Reply To: Modern Orthodoxy at a crossroads

Home Forums Controversial Topics Modern Orthodoxy at a crossroads Reply To: Modern Orthodoxy at a crossroads

#817564
popa_bar_abba
Participant

And for the umpteenth time, I don’t believe for a minute, as someone who knows many living breathing MO Rabbis, (some even YCT grads) that anyone in that community actually would take a position on halacha that they believe the Mechaber would disagree with were he alive.

I don’t know why you are so sure about that.

I have already pointed to someone in that community, who is even listed as an advisor on their board, who wrote pure kefira. (Saul Berman)

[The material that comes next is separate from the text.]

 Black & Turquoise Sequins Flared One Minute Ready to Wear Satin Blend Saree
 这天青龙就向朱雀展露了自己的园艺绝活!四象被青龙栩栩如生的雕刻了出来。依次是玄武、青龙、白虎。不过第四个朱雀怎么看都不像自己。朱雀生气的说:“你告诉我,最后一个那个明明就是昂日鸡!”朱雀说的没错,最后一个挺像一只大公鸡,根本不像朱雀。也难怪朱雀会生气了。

I quote you a few choice lines.

“Most important of all in this area, we must encourage women to develop in a creative fashion whatever additional forms they find necessary for their religious growth… It might involve the creation of new religious artifacts.”

Nice. That is surely part of our religion- creating new religious artifacts.

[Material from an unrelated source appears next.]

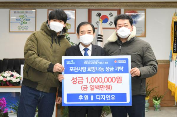 [한국뉴스타임=편집국] 디자인 유(대표 김진선)는 사각지대에 있는 취약계층 지원에 힘이 되고 싶다며 성금 100만 원을 경기사회복지공동모금회를 통해 포천시에 기탁했다.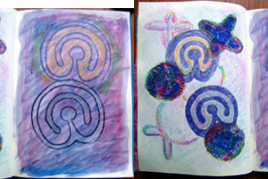 Some may remember my post about the rock art in the cave on Mull, I recently found a book on rock art in Stornoway library and it explained quite a lot about it, there are lots on Orkney, it was done by ‘hunter gatherers’ about 3,000-5,000 years BC and the holes are known as cups, last night I made some printing blocks using some of the designs and I took them and lots of art stuff over to Jane’s and just tried things out, I want to do more playing but ideas for stitched stuff are forming, just for now here are pages from my textile sketch book,

“To suggest that women don’t really need positive symbolic mitzvot because their souls are already more attuned to the Divine, would be an unbearable insult to men; unless it were understood, as it indeed is, that the suggestion is not really to be taken seriously but is intended solely to placate women.”

Hmmm. I’m pretty sure rishonim say that. So I guess he is suggesting they were merely trying to placate women, and didn’t mean it seriously.

And the kicker-

“Indeed, these were the very same sages and scholars through whose interpretative skills capital punishment was virtually abolished; through whose legal creativity the task of the transformation and eventual elimination of slavery was accomplished”

Clearly he is saying that the Torah provided for capital punishment, but the rabbis thought it was immoral so abolished it. And the same for slavery.

This is not out of context, this is the real McCoy. This is not Judaism. We get out ethics from the Torah, we don’t impose our ethics on the Torah.

You can read the rest if you wish. It is called THE STATUS OF WOMEN IN HALAKHIC JUDAISM By Saul J. Berman. Published in Tradition in 1973. Google the title and I’m sure it will come up.